Wednesday, July 16, 2008

The Mayor Who Cried Wolf

One constant irritation with reporting the news is the bombardment of falsehoods, distortions and outright bullshit I’m exposed to by high-ranking officials who are old enough to know better.
I’ve interviewed politicians who see nothing wrong with lying or misleading reporters. I’m trying to figure out why this happens. When something is uncomfortable or controversial, when called upon the carpet to explain or extrapolate, politicians dodge questions and sling mud at the questioner.
Lately, with my beat, I’m discovering a city administration so protective of its secrets and so apt at sidestepping queries by the press and public, you’d think a corrupt and despotic regime uprooted itself from a Third World country and set up shop in New Jersey.
It’s frustrating and infuriating when a mayor insults your intelligence by telling you something untrue. It isn’t simply ignorance of the facts, but a willing attempt to obscure and hide the facts from public view.
Yet as a reporter and Fourth Estate scribe, I have to dutifully report the mayor’s statements objectively and without bias.
Hence, the condundrum.
The press has a professional responsibility to relate the news to the public. However, when your source is telling you something that you know is pure grade bullshit, how does this serve the public? You can't, after you quote the mayor, write, "The mayor is actually a fucking liar." That's bad form and irresponsible.
The public views the press as mistrustful of authority and cynical of power. I'm sorry, but if someone wants me to lie for them, that person doesn't think highly of me to begin with. I refuse to be an accomplice.
Unfortunately, recording and disseminating bullshit makes me less Bob Woodward and more Joseph Goebbels.
The mayor is an attorney by profession, so he’s skilled at wordplay and nimbly arguing his positions in court. He’ll turn the tables on any argument and make you look like you’re at fault, while ignoring what he doesn’t want to hear.
By controlling the message, he muzzles the messengers and turns reporting into propaganda.
Thomas Jefferson, in an 1785 letter to his nephew Peter Carr, extols the virtues of honesty and abhors lying: “It is of great importance to set a resolution, not to be shaken, never to tell an untruth. There is no vice so mean, so pitiful, so contemptible; and he who permits himself to tell a lie once, finds it much easier to do it a second and third time, till at length it becomes habitual; he tells lies without attending to it, and truths without the world's believing him. This falsehood of the tongue leads to that of the heart, and in time depraves all its good dispositions.”

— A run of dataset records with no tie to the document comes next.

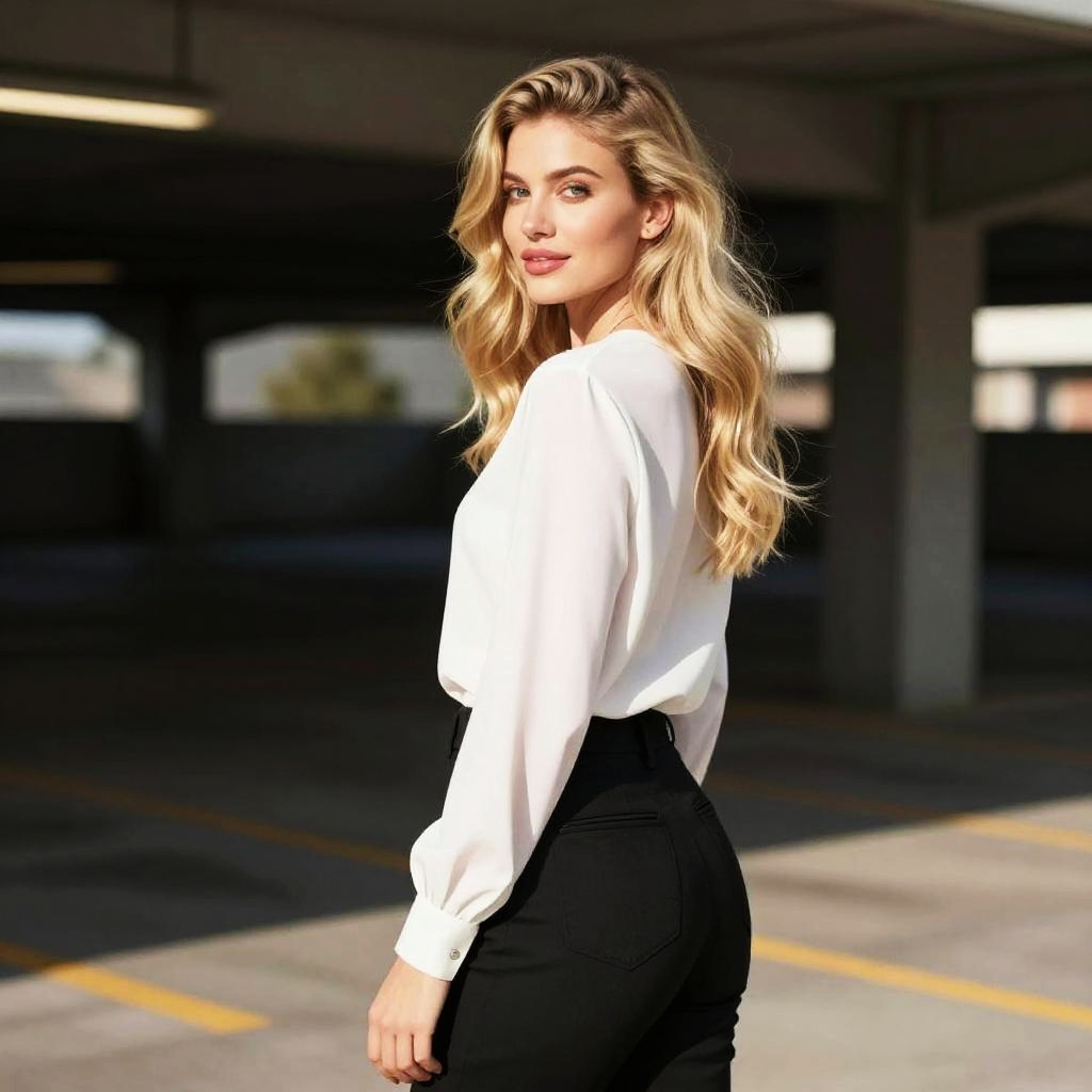 A confident young woman with long blonde wavy hair poses in a modern urban setting, wearing a sophisticated white blouse and fitted black pants. The image showcases a stylish Gen Z fashion aesthetic with natural lighting highlighting her poised expression and casual elegance.
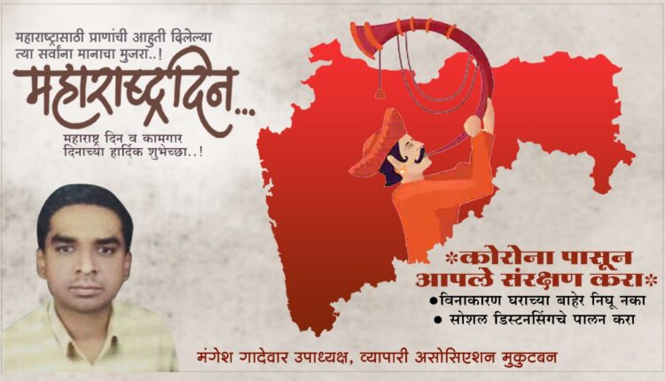 महाराष्ट्र दिन व कामगार दिनाच्या मंगेश गादेवार यांच्या कडून हार्दिक शुभेच्छा
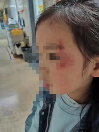 陈女士:“当时我是右手牵着我的孩子,因为惯性,我摔下去之后我还牵着孩子,所以我孩子也一下子头碰在地上,就把她眼角也戳伤了。”
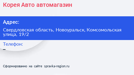 Корея-Авто, автомагазин по адресу Свердловская область, Новоуральск, Комсомольская улица, 19/2 в дальнейшем Организация, размещена в следующих категориях:
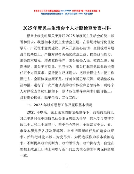 / 2025年度民主生活会个人对照检查发言材料
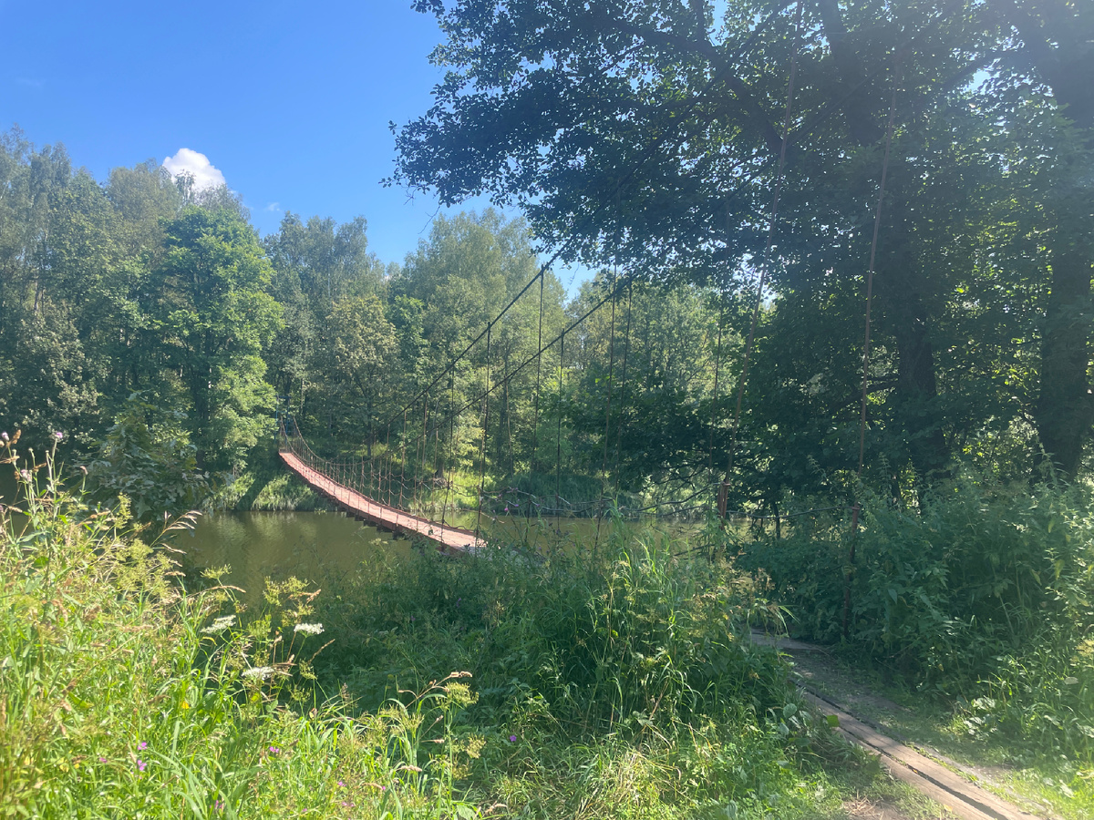 Подвесной мостик через Днепр давно успел стать местной достопримечательностью. Он был сооружен еще в советское время для кратчайшего пути, по которому ходили на работу жители села, работающие преимущественно на промышленных предприятиях, расположенных вблизи Верхнеднепровского. Сейчас он служит у дорогобужан и одним из излюбленных мест для отдыха. Не знаю, как сейчас, а раньше народ называл его словом "висячка". Гостям города этот мостик предлагается к посещению как местная достопримечательность, наряду с глобусом. И все это было бы голословно, если бы не случай. Весной 2023 вода в Днепре поднялась так, что глыбами льда мостик сломало. Что тут началооось.. Очень, очень много дорогобужан взволновались по этому поводу. Поднялся такой резонанс, что мостик очень оперативно местные власти восстановили, в еще лучшем виде. Возможно, многие сами даже от себя не ожидали, как дорог им оказался этот мостик. Признаюсь, я тоже в их числе. Казалось бы, нет у меня необходимости добираться через

The mayor’s attempts to sidestep accountability by ignoring pressing questions only hurts his administration and whatever legacy he wishes to leave. Full disclosure and honesty are the only ways he can salvage the little credibility he has in the public purview. By repeatedly lying and distorting the facts, the mayor fosters an environment where mistrust takes hold. Even if he tells the truth or is open and candid, people don't believe him because of the previous lies.
A politician who’s a serial liar isn’t a man of the people; he’s a man against the people. He has great contempt for those who put him in power and the greater public good takes a backseat to saving his own skin and protecting his intrests.